I'm not sure what that means... It sounds like you want me to apply a .patch file to the .xml file, but I'm not seeing any patch file included with this module. Is there just something I'm missing? Is this related to the database table not being created?
Thank you for any help you can provide.
Comment | File | Size | Author |
---|---|---|---|
#7 | solrconfig-solr3x.xml_.patch | 702 bytes | shenzhuxi |
Comments
Comment #1
shenzhuxi CreditAttribution: shenzhuxi commentedSorry, I forget to push to git.
I just fix it.
Comment #2
georgedamonkey CreditAttribution: georgedamonkey commentedExcellent, thank you. Now, that takes a bit to roll over to drupal.org, right?
Comment #3
georgedamonkey CreditAttribution: georgedamonkey commentedI was just looking at this again, and with this error: SQLSTATE[42S02]: Base table or view not found: 1146 Table 'drupal_ripon.apachesolr_index_entities_file' doesn't exist, I decided to look at the website's database. Took me a while to notice it, but the table in the database for this module is titled this: apachesolr_index_enities_file. There's a 't' missing. I renamed the table, and I no longer get that error.
Comment #4
shenzhuxi CreditAttribution: shenzhuxi commentedThere's a typo for the table name in the .install file before, so after you update the module, you need uninstall and re-enable the module. Sorry for that.
Comment #5
georgedamonkey CreditAttribution: georgedamonkey commentedExcellent. I did what you said, and it installed just fine. Thank you!
Comment #6
andreicio CreditAttribution: andreicio commentedAbout the .patch file: I can see commits dated May 4, and the xml patch is still missing. Could you please post the patch here, attached to a comment? Or at least the code that needs to be added? I suppose it declares the /update/extract requestHandler, but I know way too little Solr to try it myself.
Thank you.
Comment #7
shenzhuxi CreditAttribution: shenzhuxi commentedI just add the patch.

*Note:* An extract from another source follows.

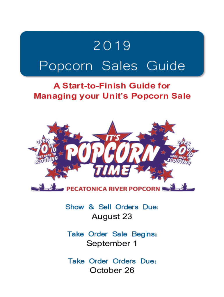 12019 Popcorn Sales Guide A StarttoFinish Guide for Managing your Units Popcorn Sale Show & Sell Orders Due: August 23Take Order Sale Begins: September 1Take Order Orders Due: October 26 popcorn.salsa.org2Table

Sorry I forgot to commit it.
Comment #8
georgedamonkey CreditAttribution: georgedamonkey commentedThank you.
I just applied the patch. After looking over the content of that patch file, it looks like that makes it so the text within a document is then indexed. Am I correct with this? If that's the case, should I re-index the site for it to take effect?
Comment #9
shenzhuxi CreditAttribution: shenzhuxi commentedYes you need re-index.
Comment #10
georgedamonkey CreditAttribution: georgedamonkey commentedHello,
After applying the patch, I now get this error as files get indexed:
Notice: unserialize(): Error at offset 0 of 7253 bytes in apachesolr_file_extract() (line 88 of /var/www/clients/client2/web2/web/sites/all/modules/apachesolr_file/apachesolr_file.module).
It gets repeated over and over.
Comment #11
shenzhuxi CreditAttribution: shenzhuxi commentedGo to http://YOUR_SOLR_DEPLOY/update/extract/?extractOnly=true&wt=phps&extractFormat=text&stream.file=YOUR_FILE_ON_SOLR_SERVER
Check whether your file is parsed correctly.
http://wiki.apache.org/solr/ExtractingRequestHandler may be useful.
Comment #12
georgedamonkey CreditAttribution: georgedamonkey commentedWell, it turns out that I made a mistake with one of your installation steps. I had the contrib and dist directories in my root apache-solr directory. Once I moved them to apache-solr/example/solr/ and re-indexed everything, now it seems to be working great.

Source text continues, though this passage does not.